Initiative 120 would prohibit abortion in Colorado after 22 weeks, with an exception for the life of the mother. According to a recent Gallup poll, 74% of Americans believe that there should be limitations on late term abortion. Due Date Too Late submitted the bulk of the needed petition signatures in March but fell short 10,000 signatures after review by the Secretary of State. The cure period began on May 15, with Due Date Too Late needing to collect those 10,000 additional verified signatures of registered Colorado voters during the 15-day cure period to meet the 124,632 threshold and qualify for the November ballot.
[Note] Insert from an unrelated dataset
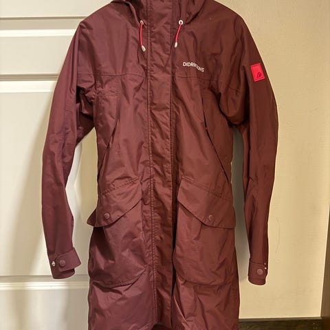 Didriksons Pitkä takki, väriltään valkoinen, naisten koko 36. Takki on pitkä malli, jossa on vetoketjulliset taskut ja säädettävä huppu. Hyväkuntoinen ja siisti. Toisessa hihassa pieni tahra, kts kuva.

“We are thrilled to take this next step towards protecting lives in Colorado by exceeding our goal of signatures we are turning into the Secretary of State,” said Lauren Castillo, spokesperson for the Due Date Too Late campaign. “We are thankful to have this opportunity to work together with communities across the entire state of Colorado. The hundreds of volunteers we have who are so passionate about ending late-term abortion are helping to make this a reality.”

Due Date Too Late will be turning in the notarized packets containing almost 50,000 signatures on May 29 at 2 p.m. to the office of the Secretary of State to assure that the ballot initiative will meet the statutory threshold.

The field collection effort by Due Date Too Late went forward amid a recent executive order by Gov. Jared Polis regarding how petition signatures may be collected. Under Gov. Polis’ order, he declared that ballot initiatives could gather signatures electronically in response to the coronavirus pandemic; however, Initiative 120 was the only ballot initiative that wasn’t allowed to collect signatures electronically because it was in a cure period.

Editor’s Note: An earlier version of this story stated over 30,000 signatures were being turned in, based on the information that was available at the time of publication. The actual number is closer to 50,000. The story has been updated to reflect this fact.